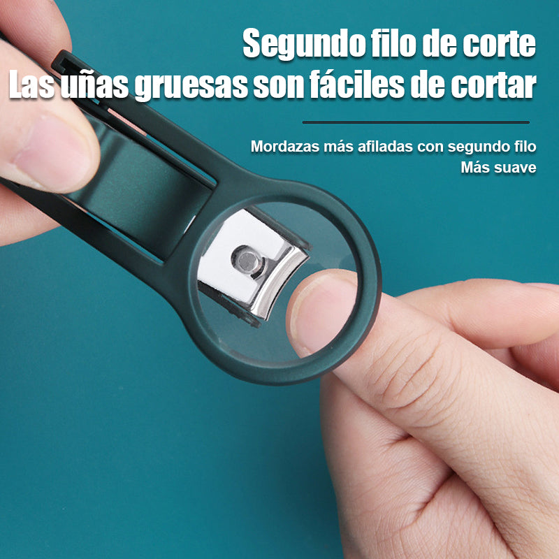 Cortaúñas a prueba de salpicaduras con lupa
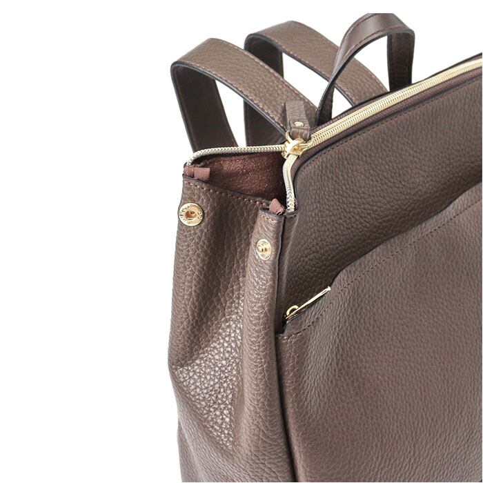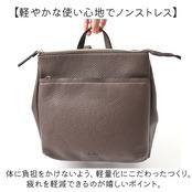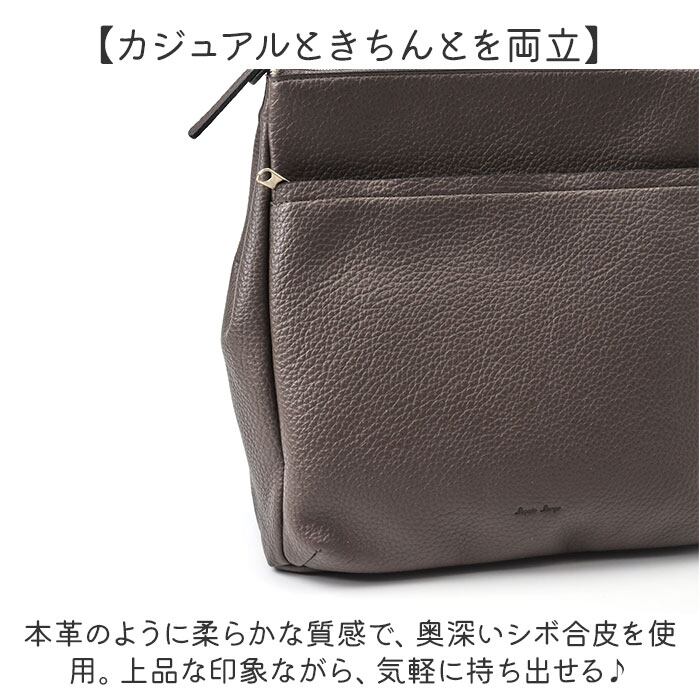 ・本革のように柔らかな質感で、奥深いシボ合皮を使用。上品な印象ながら、気軽に持ち出せる♪
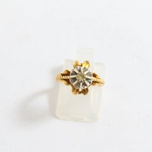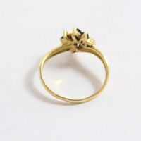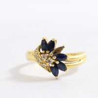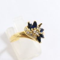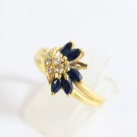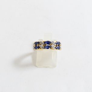 Bague en or 750 mil ornée de saphirs navette (manque une pierre) rehaussés de 6 diamants (TDD : 54,5). 3,2 g brut.

--------

# WHAT YOU NEED TO DO
In full and without changes, repeat the listing above, but not its pictures.

# OUTPUT BELOW
 Cortaúñas a prueba de salpicaduras con lupa
 ・本革のように柔らかな質感で、奥深いシボ合皮を使用。上品な印象ながら、気軽に持ち出せる♪
 Bague en or 750 mil ornée de saphirs navette (manque une pierre) rehaussés de 6 diamants (TDD : 54,5). 3,2 g brut.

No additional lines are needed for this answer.